2011/1/1 OKB (not okblacke) <brenbarn@...>:
> I noticed that the boxplot function incorrectly calculates the
> location of the median line in each box. As a simple example, plotting
> the dataset [1, 2, 3, 4] incorrectly plots the median line at 3.
It seems to work fine in matplotlib 1.0.0:
user@...:~$ python
Python 2.6.6 (r266:84292, Sep 15 2010, 16:22:56)
[GCC 4.4.5] on linux2
Type "help", "copyright", "credits" or "license" for more information.

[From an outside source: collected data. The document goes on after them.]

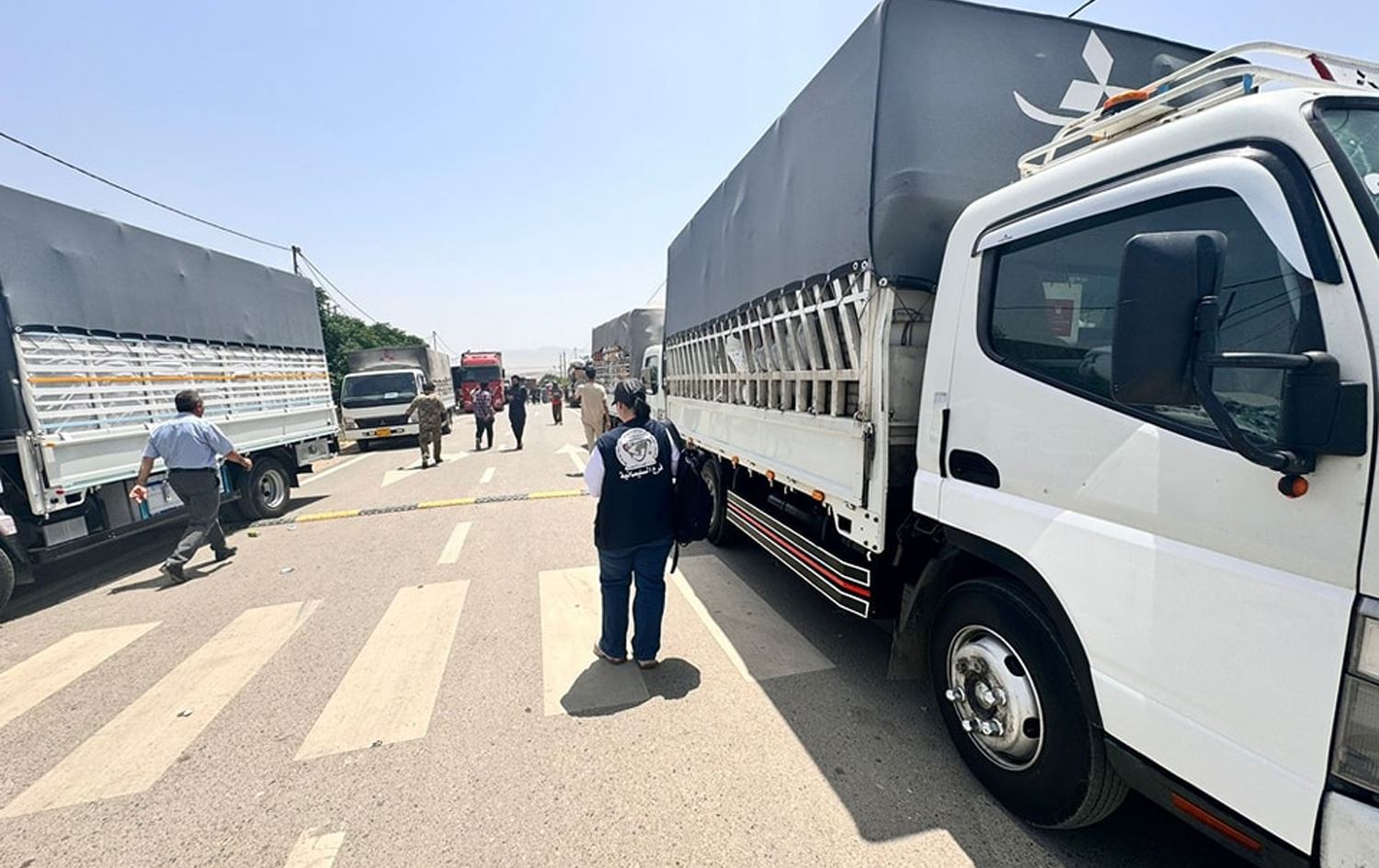Trucks loaded with goods preparing for the return of the IDPs to their home towns on May 30, 2024. Photo: Iraqi migration ministry
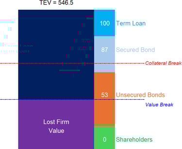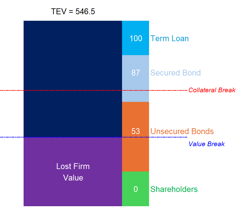 What we see here is essentially the combination of total enterprise value with the claims of each creditor class. The term loan is recovered in full, so we can assume a 100 percent recovery there. The secured bond, however, will only recover part of its claim from the collateral, with the remainder spilling into the unsecured pool to share recovery alongside the unsecured bonds, since the collateral break will not fully cover them. In this sense, both the secured and unsecured bonds are really pricing the uncertainty of that “value break” line. If the break falls between the orange and green points on the capital structure, then secured bonds would be almost certain of full recovery, aligning their pricing much closer to par. Still, bankruptcy outcomes are rarely straightforward, and recovery levels can take years to resolve. Unsecured bonds, priced at 53, are signaling expectations slightly above half recovery. At the same time, creditors may be factoring in the possibility that the value break shifts upward, with total enterprise value rising from undervalued assets or other adjustments, giving them more than what the current market suggests.
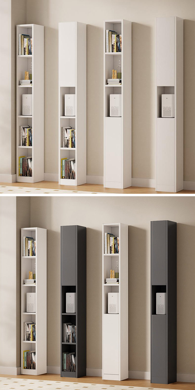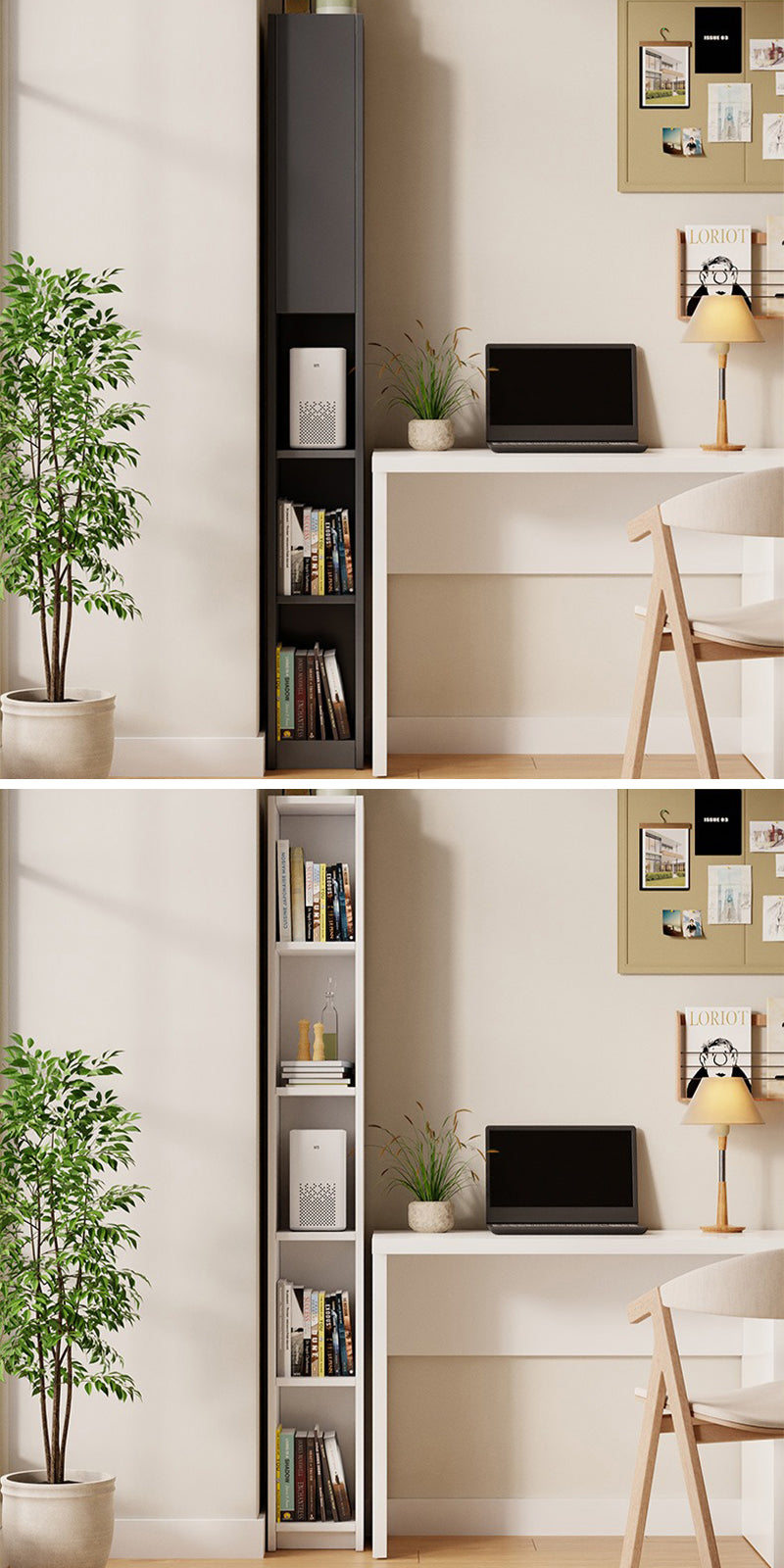 幅20cmのスリムな形状にも関わらず、棚を効率よく配置しているため、書籍や小物を整然と収納できます。

>>> import matplotlib as mpl
>>> mpl.__version__
'1.0.0'
>>> import matplotlib.pyplot as plt
>>> import matplotlib.mlab as mlab
>>> plt.ion()
>>> plt.boxplot([1, 2, 3, 4])
{'medians': [<matplotlib.lines.Line2D object at 0x3ad6250>], 'fliers':
[<matplotlib.lines.Line2D object at 0x3ad6610>,
<matplotlib.lines.Line2D object at 0x3ad69d0>], 'whiskers':
[<matplotlib.lines.Line2D object at 0x3acff50>,
<matplotlib.lines.Line2D object at 0x3ad4310>], 'boxes':
[<matplotlib.lines.Line2D object at 0x3ad4e50>], 'caps':
[<matplotlib.lines.Line2D object at 0x3ad46d0>,
<matplotlib.lines.Line2D object at 0x3ad4a90>]}
>>> plt.grid()
>>> plt.boxplot([1, 2, 3, 4])
{'medians': [<matplotlib.lines.Line2D object at 0x3dfbad0>], 'fliers':
[<matplotlib.lines.Line2D object at 0x3dfbe90>,
<matplotlib.lines.Line2D object at 0x3dff290>], 'whiskers':
[<matplotlib.lines.Line2D object at 0x3df8810>,
<matplotlib.lines.Line2D object at 0x3df8b90>], 'boxes':
[<matplotlib.lines.Line2D object at 0x3dfb710>], 'caps':
[<matplotlib.lines.Line2D object at 0x3df8f50>,
<matplotlib.lines.Line2D object at 0x3dfb350>]}
>>> plt.grid()
>>> # See attached image.
...
>>> mlab.prctile([1, 2, 3, 4])
array([ 1. , 1.75, 2.5 , 3.25, 4. ])
Goyo
>
> It also seems that the quartile calculations for the box are a
> little peculiar. I have seen some discussion in old mailing list
> postings about mlab.prctile and its ways of calculating percentiles,
> which are different than those of some other software.
>
> I'm aware that there is legitimate disagreement about the "best"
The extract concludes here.